Using Operator to Learn About Microformats
adr (Addresses)
hCard (Contacts)
hCalendar (Events)
geo (Locations)
tag (Tagspaces)
Definitions and Design Goals of Microformats
Microformats Design Patterns
rel-design-pattern
class-design-pattern
abbr-design-pattern
include-pattern
Examples of Microformats
rel-license
rel-tag
xfn
xFolk
geo
hCard and adr
hCalendar
Other Microformats
Microformats in Practice
Programming with Microformats
Language-Specific Libraries
Writing an Operator Script
Studying the Tutorial Script
Writing a Geocoding Script
Resources (RDFa): A Promising Complement to Microformats
Reference for Further Study
Summary

The central problem that we will study in this chapter is how to embed information in web pages in a way that is easy to understand by both humans and computer programs. The solution that we will consider in depth is microformats, little chunks of structured data that are seamlessly embedded in web pages. (X)HTML is designed primarily to produce a human user interface (via a web browser). However, by carefully following certain conventions (ones that constitute microformats), you can produce (X)HTML out of which data can be unambiguously extracted. The consequence is that it is relatively easy to write computer programs to parse microformats so that the data can be reused in other contexts—giving rise to plenty of mashup possibilities. Moreover, having data embedded right in the context of a user interface is helpful. A user can decide what to do with this data (how to “operate” on a given piece of data) while in the context of normal browsing.

Now, the previous paragraph is a bit abstract. What I will do in this chapter is walk you through some concrete examples describing microformats in general. We will use Operator, a Firefox extension, to help parse and view microformats and to create scripts that enable users to take specific actions in response to microformats. Specifically, we will do the following:

Using Operator to Learn About Microformats

Installing the Operator ­add-­on in Firefox and seeing it in action is a good way to learn about microformats.

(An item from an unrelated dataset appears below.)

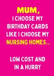 "Mum, I Choose My Birthday Cards Like I Choose My Nursing Homes...Low Cost And In A Hurry". Mum can be personalised!

You can download it from here:

https://addons.mozilla.org/en-US/firefox/addon/4106

As of writing, the latest stable version is 0.8, the one I will use and describe in this chapter. (Note that there is also a 0.9 beta version.[305]

When using Operator, you should have on hand the closest thing to official documentation for the extension:

http://www.kaply.com/weblog/operator/

Now let’s see what Operator can do for you once it is installed. Let’s look at Operator in action by loading a page from Upcoming.yahoo.com (the event aggregation site you learned about in Chapter 15):

http://upcoming.yahoo.com/event/144855

Figure 18-1 shows what happens in the Operator toolbar. I’ve chosen this page to show you an example of microformats in use “in the wild.” (Later in this chapter, I’ll show you an example HTML page I created to show examples of microformats.)


You will notice in the Operator toolbar a list of data formats recognized by Operator, along with the number of instances of each format. By default, these formats (listed by their descriptive and formal names) are as follows:

By default, the Operator toolbar uses the descriptive names. You can instead display the formal names of the data formats in the Operator toolbar (by doing to the General tab and unchecking Use Descriptive Names under Data Formats). Toggling that option allows you to correlate the formal and descriptive names of the data formats.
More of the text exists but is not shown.